***** Given data
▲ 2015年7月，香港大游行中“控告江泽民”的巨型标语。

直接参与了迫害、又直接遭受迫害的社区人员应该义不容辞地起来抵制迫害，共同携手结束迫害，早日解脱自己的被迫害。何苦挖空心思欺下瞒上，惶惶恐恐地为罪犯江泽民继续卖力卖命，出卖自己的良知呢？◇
**********
***** Given data
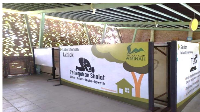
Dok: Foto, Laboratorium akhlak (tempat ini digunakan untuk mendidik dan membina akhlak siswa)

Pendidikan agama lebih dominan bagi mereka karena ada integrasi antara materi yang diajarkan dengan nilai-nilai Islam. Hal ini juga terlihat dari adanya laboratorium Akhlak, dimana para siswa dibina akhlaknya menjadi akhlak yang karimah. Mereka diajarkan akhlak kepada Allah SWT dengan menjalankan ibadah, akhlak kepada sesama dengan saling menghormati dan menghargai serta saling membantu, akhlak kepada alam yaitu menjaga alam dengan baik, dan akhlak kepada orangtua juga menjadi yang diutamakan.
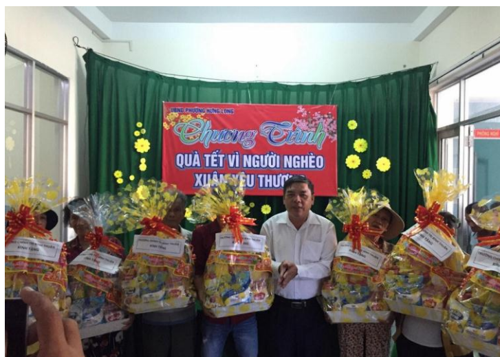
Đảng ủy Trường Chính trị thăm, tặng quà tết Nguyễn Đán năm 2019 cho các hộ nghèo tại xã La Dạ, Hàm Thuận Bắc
**********
__Problem statement__
A single figure is the whole answer: the number of lines in the material above that contain "akhlak".

__Output of the task__
2